Update: The Eagles have added another kicker to compete with Henery, as they traded for the backup kicker of the Indianapolis Colts.
#Eagles acquire K Cody Parkey from the Indianapolis Colts in exchange for RB David Fluellen.— Eagles Insider (@EaglesInsider) August 20, 2014
Philadelphia Eagles’ Defense vs. Dri Archer
The Pittsburgh Steelers have a playmaker in third-round pickup Dri Archer, a De’Anthony Thomas clone who can line up as a running back, catch passes out of the backfield and return both kicks and punts.
Last week, Archer caught a little swing pass and took it 40 yards, looking like he was shot out of a cannon (video). He’s turned in a 40-yard play in each of his first two preseason games.
Archer has made a minimal impact in terms of running the football, but he’s averaging 23.5 yards per catch. When he gets the ball in his hands, he’s lethal. That’s scary for Eagles fans that have seen their defense allow over 34 points in both preseason games thus far.
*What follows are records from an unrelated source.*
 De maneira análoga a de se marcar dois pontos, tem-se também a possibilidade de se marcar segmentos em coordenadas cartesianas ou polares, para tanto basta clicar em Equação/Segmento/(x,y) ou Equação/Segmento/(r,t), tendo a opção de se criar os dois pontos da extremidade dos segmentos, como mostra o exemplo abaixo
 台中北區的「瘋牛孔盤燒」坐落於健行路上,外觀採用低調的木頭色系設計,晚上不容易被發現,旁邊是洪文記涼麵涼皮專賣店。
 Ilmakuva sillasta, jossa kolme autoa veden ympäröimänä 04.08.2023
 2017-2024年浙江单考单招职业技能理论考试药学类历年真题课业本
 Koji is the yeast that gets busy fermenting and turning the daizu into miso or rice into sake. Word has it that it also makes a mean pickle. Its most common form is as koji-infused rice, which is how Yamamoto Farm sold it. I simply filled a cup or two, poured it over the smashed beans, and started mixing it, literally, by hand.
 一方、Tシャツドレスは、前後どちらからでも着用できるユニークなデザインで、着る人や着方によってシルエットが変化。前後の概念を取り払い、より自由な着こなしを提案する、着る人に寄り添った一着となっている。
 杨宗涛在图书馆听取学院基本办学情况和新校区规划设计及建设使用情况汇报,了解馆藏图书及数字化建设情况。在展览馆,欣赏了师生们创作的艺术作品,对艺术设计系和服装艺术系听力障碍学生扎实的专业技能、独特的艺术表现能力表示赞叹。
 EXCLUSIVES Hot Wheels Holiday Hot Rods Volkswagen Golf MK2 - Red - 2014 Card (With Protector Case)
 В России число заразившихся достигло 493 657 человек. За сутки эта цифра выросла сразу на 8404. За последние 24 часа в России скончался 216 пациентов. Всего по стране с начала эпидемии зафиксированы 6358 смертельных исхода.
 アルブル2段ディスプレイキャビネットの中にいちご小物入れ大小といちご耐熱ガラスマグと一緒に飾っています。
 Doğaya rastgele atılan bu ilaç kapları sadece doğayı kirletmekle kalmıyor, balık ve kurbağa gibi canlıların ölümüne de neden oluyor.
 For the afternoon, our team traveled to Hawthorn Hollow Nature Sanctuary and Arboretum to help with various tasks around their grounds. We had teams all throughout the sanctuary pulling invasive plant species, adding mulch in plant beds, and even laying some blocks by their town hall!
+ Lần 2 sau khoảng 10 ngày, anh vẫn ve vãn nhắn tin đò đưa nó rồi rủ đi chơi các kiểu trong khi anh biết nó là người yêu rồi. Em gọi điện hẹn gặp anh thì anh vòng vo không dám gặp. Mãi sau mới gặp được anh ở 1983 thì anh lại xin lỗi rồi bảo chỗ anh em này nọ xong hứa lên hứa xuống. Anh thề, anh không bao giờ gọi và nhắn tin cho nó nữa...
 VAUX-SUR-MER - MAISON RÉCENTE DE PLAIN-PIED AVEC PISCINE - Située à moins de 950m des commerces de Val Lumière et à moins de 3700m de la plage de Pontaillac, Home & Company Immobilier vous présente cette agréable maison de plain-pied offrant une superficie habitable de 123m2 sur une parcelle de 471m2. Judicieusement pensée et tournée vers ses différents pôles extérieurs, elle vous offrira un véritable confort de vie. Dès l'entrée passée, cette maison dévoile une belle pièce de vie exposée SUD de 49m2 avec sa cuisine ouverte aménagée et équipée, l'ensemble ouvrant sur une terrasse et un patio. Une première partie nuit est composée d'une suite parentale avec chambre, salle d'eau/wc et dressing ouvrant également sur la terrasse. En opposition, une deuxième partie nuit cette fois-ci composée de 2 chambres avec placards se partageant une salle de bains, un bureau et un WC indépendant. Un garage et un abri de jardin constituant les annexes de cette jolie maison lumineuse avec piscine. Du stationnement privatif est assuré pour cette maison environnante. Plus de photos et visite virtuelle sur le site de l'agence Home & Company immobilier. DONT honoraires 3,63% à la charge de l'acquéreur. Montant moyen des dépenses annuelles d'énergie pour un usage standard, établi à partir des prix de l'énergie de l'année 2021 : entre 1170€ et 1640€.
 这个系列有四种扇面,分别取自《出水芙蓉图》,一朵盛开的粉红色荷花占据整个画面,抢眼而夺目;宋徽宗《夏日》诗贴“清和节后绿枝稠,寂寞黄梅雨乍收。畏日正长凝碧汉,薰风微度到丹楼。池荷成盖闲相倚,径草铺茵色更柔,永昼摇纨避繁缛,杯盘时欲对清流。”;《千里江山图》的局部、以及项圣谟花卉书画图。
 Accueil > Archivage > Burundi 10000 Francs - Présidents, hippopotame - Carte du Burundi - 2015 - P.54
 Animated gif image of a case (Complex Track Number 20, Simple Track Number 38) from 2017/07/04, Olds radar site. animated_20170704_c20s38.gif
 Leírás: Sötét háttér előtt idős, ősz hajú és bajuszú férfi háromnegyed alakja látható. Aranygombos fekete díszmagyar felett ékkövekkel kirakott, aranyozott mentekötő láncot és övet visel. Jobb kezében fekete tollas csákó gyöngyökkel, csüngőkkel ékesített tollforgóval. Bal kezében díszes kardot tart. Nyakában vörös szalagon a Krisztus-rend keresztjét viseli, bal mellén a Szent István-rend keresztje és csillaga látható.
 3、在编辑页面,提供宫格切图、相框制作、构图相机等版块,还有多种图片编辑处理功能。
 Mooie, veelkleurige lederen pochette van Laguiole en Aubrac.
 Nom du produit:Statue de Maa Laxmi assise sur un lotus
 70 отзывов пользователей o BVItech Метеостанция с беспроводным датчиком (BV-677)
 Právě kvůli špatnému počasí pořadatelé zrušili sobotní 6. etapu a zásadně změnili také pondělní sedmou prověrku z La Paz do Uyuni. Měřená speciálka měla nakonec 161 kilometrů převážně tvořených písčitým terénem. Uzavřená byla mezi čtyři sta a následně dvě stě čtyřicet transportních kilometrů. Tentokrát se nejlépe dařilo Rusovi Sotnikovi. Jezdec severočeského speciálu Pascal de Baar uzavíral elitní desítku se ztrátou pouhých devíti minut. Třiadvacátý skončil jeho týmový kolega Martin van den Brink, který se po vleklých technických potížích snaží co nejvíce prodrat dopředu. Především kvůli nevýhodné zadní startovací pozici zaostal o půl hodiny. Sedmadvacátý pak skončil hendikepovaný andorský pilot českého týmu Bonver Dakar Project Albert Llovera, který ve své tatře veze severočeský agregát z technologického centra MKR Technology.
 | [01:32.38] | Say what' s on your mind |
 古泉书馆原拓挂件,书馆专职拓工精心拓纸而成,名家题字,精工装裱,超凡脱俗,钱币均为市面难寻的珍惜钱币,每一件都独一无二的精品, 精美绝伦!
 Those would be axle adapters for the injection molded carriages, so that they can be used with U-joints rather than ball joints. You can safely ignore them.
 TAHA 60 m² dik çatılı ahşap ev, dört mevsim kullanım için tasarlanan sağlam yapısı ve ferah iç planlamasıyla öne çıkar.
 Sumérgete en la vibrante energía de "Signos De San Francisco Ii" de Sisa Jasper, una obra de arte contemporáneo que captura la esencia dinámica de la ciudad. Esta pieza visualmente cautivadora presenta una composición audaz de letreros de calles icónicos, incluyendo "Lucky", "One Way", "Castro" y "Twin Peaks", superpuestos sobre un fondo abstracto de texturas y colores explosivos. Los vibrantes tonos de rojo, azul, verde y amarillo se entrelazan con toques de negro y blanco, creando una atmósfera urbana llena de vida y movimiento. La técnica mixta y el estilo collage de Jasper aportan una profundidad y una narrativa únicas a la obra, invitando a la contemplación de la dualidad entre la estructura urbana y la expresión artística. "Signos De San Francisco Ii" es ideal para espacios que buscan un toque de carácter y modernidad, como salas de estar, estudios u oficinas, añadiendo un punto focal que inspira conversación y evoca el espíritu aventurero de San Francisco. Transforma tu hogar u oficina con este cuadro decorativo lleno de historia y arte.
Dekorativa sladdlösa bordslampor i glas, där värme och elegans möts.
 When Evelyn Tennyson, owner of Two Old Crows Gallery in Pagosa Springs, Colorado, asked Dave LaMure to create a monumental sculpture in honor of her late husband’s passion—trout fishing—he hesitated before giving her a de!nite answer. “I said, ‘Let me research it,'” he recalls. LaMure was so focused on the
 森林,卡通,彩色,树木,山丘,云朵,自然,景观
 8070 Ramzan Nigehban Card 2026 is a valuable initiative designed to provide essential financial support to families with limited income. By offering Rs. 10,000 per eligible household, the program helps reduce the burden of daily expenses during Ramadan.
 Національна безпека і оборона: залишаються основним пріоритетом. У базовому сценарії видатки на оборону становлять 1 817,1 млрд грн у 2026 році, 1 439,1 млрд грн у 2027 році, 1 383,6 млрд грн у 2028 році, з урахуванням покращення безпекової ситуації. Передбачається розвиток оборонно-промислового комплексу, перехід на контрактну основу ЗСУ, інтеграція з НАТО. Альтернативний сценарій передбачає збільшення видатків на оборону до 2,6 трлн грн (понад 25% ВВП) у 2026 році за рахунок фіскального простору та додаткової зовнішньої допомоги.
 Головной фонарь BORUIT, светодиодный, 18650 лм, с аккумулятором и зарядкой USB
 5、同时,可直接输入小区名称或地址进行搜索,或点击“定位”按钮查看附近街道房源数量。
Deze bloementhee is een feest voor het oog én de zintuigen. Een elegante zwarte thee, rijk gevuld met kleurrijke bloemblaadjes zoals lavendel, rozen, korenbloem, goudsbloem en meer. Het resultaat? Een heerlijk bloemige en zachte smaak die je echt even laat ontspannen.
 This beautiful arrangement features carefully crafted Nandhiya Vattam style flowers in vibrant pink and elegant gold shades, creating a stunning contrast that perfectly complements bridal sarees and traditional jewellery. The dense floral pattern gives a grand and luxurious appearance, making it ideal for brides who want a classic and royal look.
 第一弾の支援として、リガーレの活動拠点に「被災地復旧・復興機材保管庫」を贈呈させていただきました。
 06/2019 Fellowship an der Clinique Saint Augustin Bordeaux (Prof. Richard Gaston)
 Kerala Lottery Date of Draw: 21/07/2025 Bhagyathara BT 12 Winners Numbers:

Chip Kelly doesn’t seem to be very good at winning preseason games. Fortunately, that doesn’t matter.
They’re preseason games for a reason. Kelly is 2-4 in August and 10-6 in regular season contests that actually count. Kelly’s lackluster philosophy regarding the importance of the depth charts seems to carry over into the preseason as a whole.
He’s not going to reveal anything. Remember when the Philadelphia Eagles kicked off Week 1 of the 2013 regular season against Washington? None of that hurry-up offense was on display back in the preseason. That crazy play where Jason Peters and Lane Johnson lined up out wide came out of nowhere.
As long as Nick Foles, LeSean McCoy and the rest of the starters stay healthy, that’s what matters. It would also be nice if the defense could register some stops and Alex Henery could make a field goal. But look for a talented Pittsburgh team to win a close, high-scoring battle.